PathRAG (v2 pruning stage). PathRAG (Chen et al., 2025) models the citation graph as a resource-flow network and extracts the highest-signal relational paths between papers. As Stage 3 after MMR, it further reduces the paper set before the Gemini prompt and — more importantly — preserves the logical research lineage rather than treating papers as independent documents. The data model already anticipates this: citation_edges is a global collection designed for PathRAG traversal, and the checkpoint system slots a new pathrag_pruning stage in without touching anything upstream.

Session persistence (v1). Right now sessions live only as long as the user has the tab open. Adding name and user_id fields to the session document — the only schema change required — enables save and resume. Session history means a researcher can return to an analysis from last week, annotate further, and re-run with updated seeds as a new paper drops.

Research momentum scoring. The Gemini analysis already produces a momentum label (active vs. stagnant) with reasoning. The next step is computing this quantitatively from citation velocity data — papers per year, citations per year, recency of last publication — rather than relying on Gemini's inference from abstracts alone.

Timeline view.
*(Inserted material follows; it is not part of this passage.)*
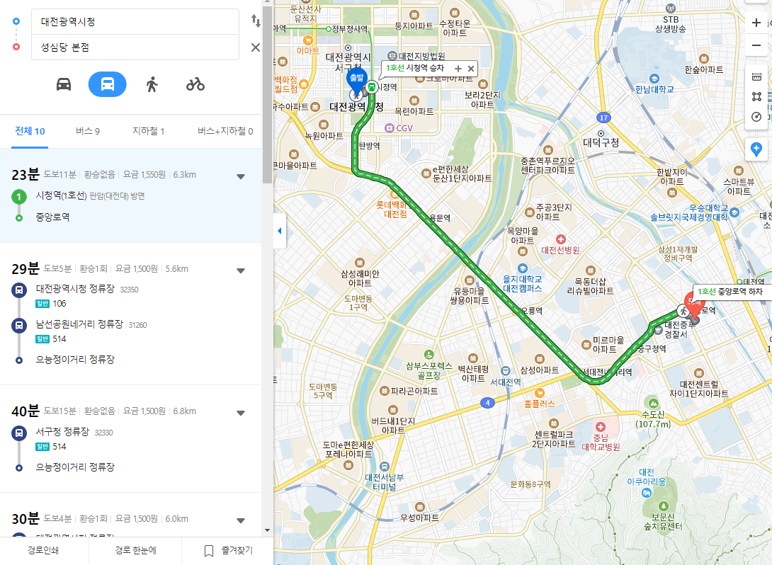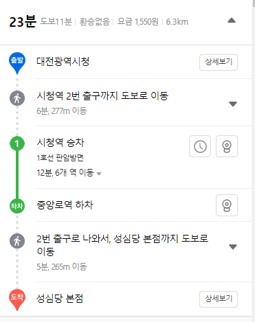 다음지도 검색 에서는 버스가 빠른지 지하철이 빠른지도 한눈에 볼 수 있어요. 지금 보이는건 지하철 노선이 최적의 노선에, 최고로 단축되는 소요시간을 갖고 있는 것으로 보이는데요. 더 자세한 걸 확인하고 싶다면 옆에 보시면 ▼ 라는 버튼이 있어요. 이걸 클릭하는 순간, 어느정도까지 도보로 이동 하고 지하철을 탑승해야되는가, 어느 역에서 하차한 뒤 몇번 출구로 나와서 목적지까지 걸어서 가야되는가를 전부 친절히 알려줘요. 짱이죠.

A second visualization mode that plots the citation graph as a temporal arc — research directions by publication year — to show how the field evolved and which directions accelerated or stalled.

BibTeX / reference list as seed input. Right now seeds are individual DOIs or ArXiv IDs. A researcher's existing bibliography or the references section of a paper they are reading is a natural and richer seed set. Parsing a .bib file or a copy-pasted reference list as the input method removes the friction of manual ID entry.